Myślę, że większość z nas odwiedzając egzotyczne kraje cieszy się na myśl o spotkaniu ze zwierzętami, dla których są one domem. Tajlandia to kraina między innymi małp, tygrysów, niedźwiedzi oraz słoni. I właśnie te słonie tak bardzo zamarzyło mi się zobaczyć…
Pierwszy dzień do przylocie na Phuket. Wsiadamy w wynajęty samochód, jedziemy na środek wyspy, do Phuket Elephant Sanctuary. Po drodze zatrzymujemy się na śniadanie w przydrożnych restauracjach, chociaż wyglądem przypominają bardziej rozwalające się blaszane budy.. Niemniej jednak banana rotti smakuje przepysznie.

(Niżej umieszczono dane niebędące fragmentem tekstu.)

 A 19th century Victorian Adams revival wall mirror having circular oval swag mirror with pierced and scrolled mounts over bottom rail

Zostawiamy auto na parkingu i po opłaceniu THB 3000 wstępu jedziemy pickupem na teren sanktuarium (nazywam to miejsce także parkiem). Po paru minutach widzę pierwszego słonia, a buzia sama mi się śmieje.

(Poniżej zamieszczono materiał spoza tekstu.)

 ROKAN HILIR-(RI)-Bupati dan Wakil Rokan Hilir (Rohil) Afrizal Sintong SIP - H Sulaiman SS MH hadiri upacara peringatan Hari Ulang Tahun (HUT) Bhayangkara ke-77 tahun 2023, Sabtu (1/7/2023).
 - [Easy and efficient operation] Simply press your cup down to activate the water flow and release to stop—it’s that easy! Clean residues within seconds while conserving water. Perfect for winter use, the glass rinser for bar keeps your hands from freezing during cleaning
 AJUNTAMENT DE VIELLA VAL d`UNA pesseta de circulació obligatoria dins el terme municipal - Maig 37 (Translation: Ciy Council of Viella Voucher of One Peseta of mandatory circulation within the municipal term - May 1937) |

Ośrodek jest bardzo dobrze zorganizowany. Panie miło nas witają, dają kaloszki i oferują zostawienie bagażu w szafkach. Zapraszają na owocowe i słodkie przekąski, kawę i inne napoje. Siadamy przy stołach i zaczyna się prezentacja. Pracownik sanktuarium, młoda Tajka, opowiada nam o początkach tego miejsca, jego założycielu i obecnych tu słoniach. Wyświetlany jest też krótki film o sytuacji słoni w Tajlandii oraz zasadach zachowania się na terenie parku i w kontakcie ze zwierzętami. Zostajemy podzieleni na dwie grupy i razem z przewodniczkami zaczynam moją najlepszą tajską przygodę.
W dużym koszu jest mnóstwo bananów, arbuza oraz ananasa. To przysmaki, które słonie uwielbiają. Z garścią owoców w dłoni podchodzę do czerwonej linii i wyciągam rękę a ta najpiękniejsza, długa trąba momentalnie się do mnie zbliża i delikatnie chwyta smakołyk. Słonica zjada to szybko, więc ustawiam się na końcu kolejki i czekam na kolejną szansę bycia tak blisko. Słoń może ważyć nawet do 5 ton i dziennie zjadać około 200 kg roślin, w tym owoców.
Po karmieniu przemieszczamy się od jednej słonicy do drugiej, panie opowiadają nam o historii każdej z nich oraz o zwyczajach słoni. W tym wszystkim przewijają się informacje o życiu w niewoli, ale o tym nie teraz.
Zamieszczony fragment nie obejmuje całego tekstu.